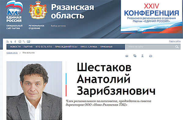 ШЕСТАКОВ Анатолий Зарибзянович – председатель совета директоров ООО «Ново-Рязанская ТЭЦ», член регионального политсовета «Единой России», обладает 76% голосов в ЗАО «Дружба» (бывшая одноименная база отдыха близ санатория «Сосновый бор», ныне – стройплощадка жилищного комплекса с максимальным коэффициентом застройки земельного участка 60%). Анатолий Зарибзянович добился-таки перевода этой рекреационной территории в жилую зону и уверенно заявляет о вводе в эксплуатацию первой очереди из 119 квартир до 23 августа 2015г.
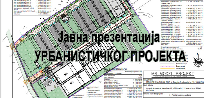Оглашава се Јавна презентација УРБАНИСТИЧКОГ ПРОЈЕКТА НА К.П.БР. 2343/1 КО ПЕРТАТЕ, инвеститора „МАК ИНТЕРНАЦИОНАЛ“ доо из Ниша, израђен од стране пројектног бироа „Арби Тас“ из Ниша.
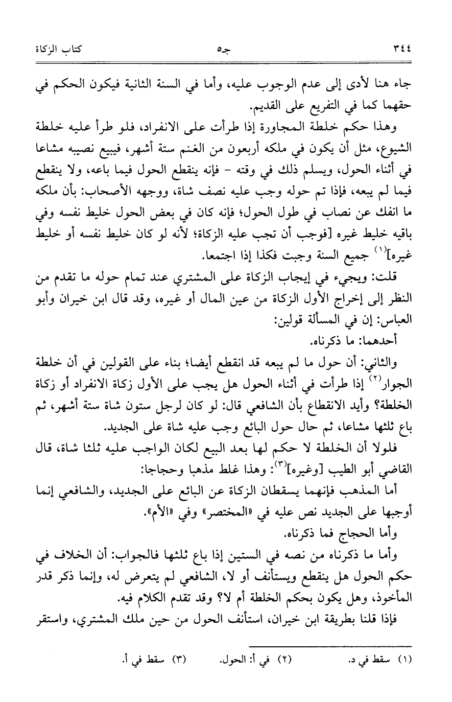 والثاني: أن حول ما لم يبعه قد انقطع أيضاً؛ بناء على القولين في أن خلطة الجوار إذا طرأت في أثناء الحول هل يجب على الأول زكاة الانفراد أو زكاة الخلطة؟ وأيد الانقطاع بأن الشافعي قال: لو كان لرجل ستون شاة ستة أشهر، ثم باع ثلثها مشاعاً، ثم حال حول البائع وجب عليه شاة على الجديد.
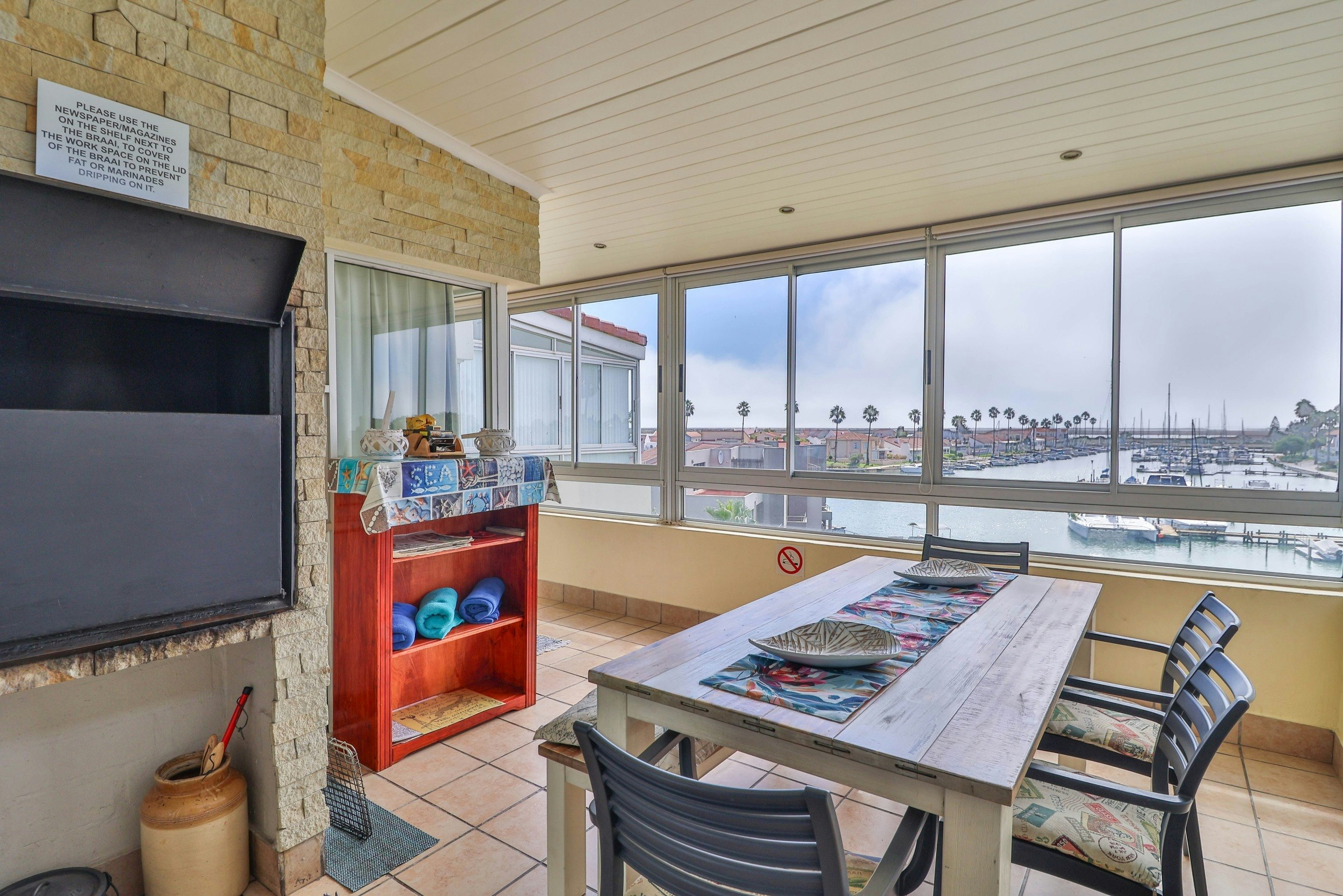 Die sitkamer het gemaklike sitplek asook 'n TV met DStv, YouTube en Neflix. Daar is 'n eetarea met oorgenoeg sitplek en pragtige uitsigte oor die hawe. Daar is 'n sonkamer met ingeboude braaigeriewe waar gaste lekker saam 'n maaltyd kan voorberei, ongeag die weer.

▶ What to work on: Each line of the data should be printed again exactly. Please leave pictures out.

▶ Exercise solution:
 ШЕСТАКОВ Анатолий Зарибзянович – председатель совета директоров ООО «Ново-Рязанская ТЭЦ», член регионального политсовета «Единой России», обладает 76% голосов в ЗАО «Дружба» (бывшая одноименная база отдыха близ санатория «Сосновый бор», ныне – стройплощадка жилищного комплекса с максимальным коэффициентом застройки земельного участка 60%). Анатолий Зарибзянович добился-таки перевода этой рекреационной территории в жилую зону и уверенно заявляет о вводе в эксплуатацию первой очереди из 119 квартир до 23 августа 2015г.
Оглашава се Јавна презентација УРБАНИСТИЧКОГ ПРОЈЕКТА НА К.П.БР. 2343/1 КО ПЕРТАТЕ, инвеститора „МАК ИНТЕРНАЦИОНАЛ“ доо из Ниша, израђен од стране пројектног бироа „Арби Тас“ из Ниша.
 والثاني: أن حول ما لم يبعه قد انقطع أيضاً؛ بناء على القولين في أن خلطة الجوار إذا طرأت في أثناء الحول هل يجب على الأول زكاة الانفراد أو زكاة الخلطة؟ وأيد الانقطاع بأن الشافعي قال: لو كان لرجل ستون شاة ستة أشهر، ثم باع ثلثها مشاعاً، ثم حال حول البائع وجب عليه شاة على الجديد.
 Die sitkamer het gemaklike sitplek asook 'n TV met DStv, YouTube en Neflix. Daar is 'n eetarea met oorgenoeg sitplek en pragtige uitsigte oor die hawe. Daar is 'n sonkamer met ingeboude braaigeriewe waar gaste lekker saam 'n maaltyd kan voorberei, ongeag die weer.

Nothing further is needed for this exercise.